And we load it like this:

 XDocument feed = XDocument.Load(m_refreshUri);

Populate the Tweet Collection

With the document loaded we can now start pulling out the data we want.  First we need to define the ATOM namespace:

 XNamespace atomNS = "https://www.w3.org/2005/Atom";

Next we need to iterate over every “entry” element in the feed and extract the data we care about.  LINQ makes this a breeze (though perhaps a bit tough to debug and grok at first).

 m_tweets = (from tweet in feed.Descendants(atomNS + "entry")
    select new Tweet
    {
        Title = (string)tweet.Element(atomNS + "title"),
        Published = DateTime.Parse((string)tweet.Element(atomNS + "published")),
        Id = (string)tweet.Element(atomNS + "id"),
        Link = tweet.Elements(atomNS + "link")
            .Where(link => (string)link.Attribute("rel") == "alternate")
            .Select(link => (string)link.Attribute("href"))
            .First(),
        Author = (from author in tweet.Descendants(atomNS + "author")
            select new Author
            {
                Name = (string)author.Element(atomNS + "name"),
                Uri = (string)author.Element(atomNS + "uri"),
            }).First(),
    }).ToList<Tweet>();

Store the High-watermark

Finally we want to load the high watermark so we don’t ask for data twice.  This is just a matter of loading the “refresh” link from the top-level feed elements.

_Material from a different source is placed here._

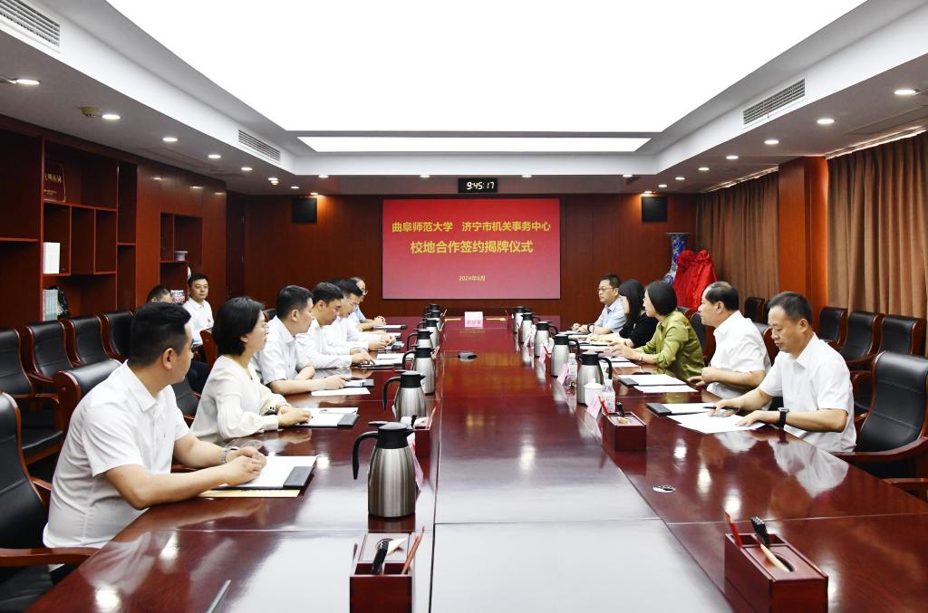 曲阜师大政治与公共管理学院讯 6月25日上午,XK在线与济宁市机关事务中心举行校地合作签约揭牌仪式。党委书记邢光,党委常委、副校长陈刚,山东省机关事务管理局副局长王发菊,济宁市委常委、秘书长董波,济宁市机关事务中心党组书记、主任李成山出席活动。

 m_refreshUri = feed.Descendants(atomNS + "link")
    .Where(link => link.Attribute("rel").Value == "refresh")
    .Select(link => link.Attribute("href").Value)
    .First();

Putting it all Together

Not to put it all together you can create a collection of TweetStream’s and refresh them in a loop – printing out the tweets as you find them.

 using System;
using System.Threading;

using TwitterLib;
namespace TestHost
{
    class Program
    {
        static void Main(string[] args)
        {
            int totalTweets = 0;
            TweetStream[] tweetStreams = new TweetStream[] {
                new TweetStream("https://search.twitter.com/search.atom?q=TFS"),
                new TweetStream("https://search.twitter.com/search.atom?q=Team+Foundation+Server"),
                new TweetStream("https://search.twitter.com/search.atom?q=TFS2008"),
                new TweetStream("https://search.twitter.com/search.atom?q=TFS2005"),
            };
            while (true)
            {
                int currentTweets = 0;
                bool newTweets = false;
                foreach (TweetStream stream in tweetStreams)
                {
                    stream.Refresh();
                    foreach(Tweet tweet in stream.Tweets)
                    {
                        Console.WriteLine("{0}: {1}",
                            tweet.Author.TwitterId,
                            tweet.Title);
                        newTweets = true;
                        totalTweets++;
                        currentTweets++;
                    }
                }
                if (newTweets)
                {
                    Console.WriteLine("Loaded {0} more tweets", currentTweets);
                    Console.WriteLine("Loaded {0} total tweets", totalTweets);
                }
                else
                {
                    Console.WriteLine("No new tweets.");
                }
                DateTime nextCheck = DateTime.Now.AddMinutes(5);
                Console.WriteLine("Will check again at {0}", nextCheck.ToShortTimeString());
                Thread.Sleep(TimeSpan.FromMinutes(5));
            }
        }
    }
}

You may have noticed I used a property (Author.TwitterId) that is not in the code – it’s just a simple Regex:

 public string TwitterId
{
    get
    {
        return s_idParser.Match(Name).Groups["twitterid"].Value;
    }
}
private static Regex s_idParser = 
    new Regex(@"^(?<twitterid>.*)\s+\((?<displayname>.*)\)");

Whats’ Next?

To be clear this is not production-ready code.  It is very optimistic, quite inefficient and a bit ugly.  Also it doesn’t do anything terribly interesting.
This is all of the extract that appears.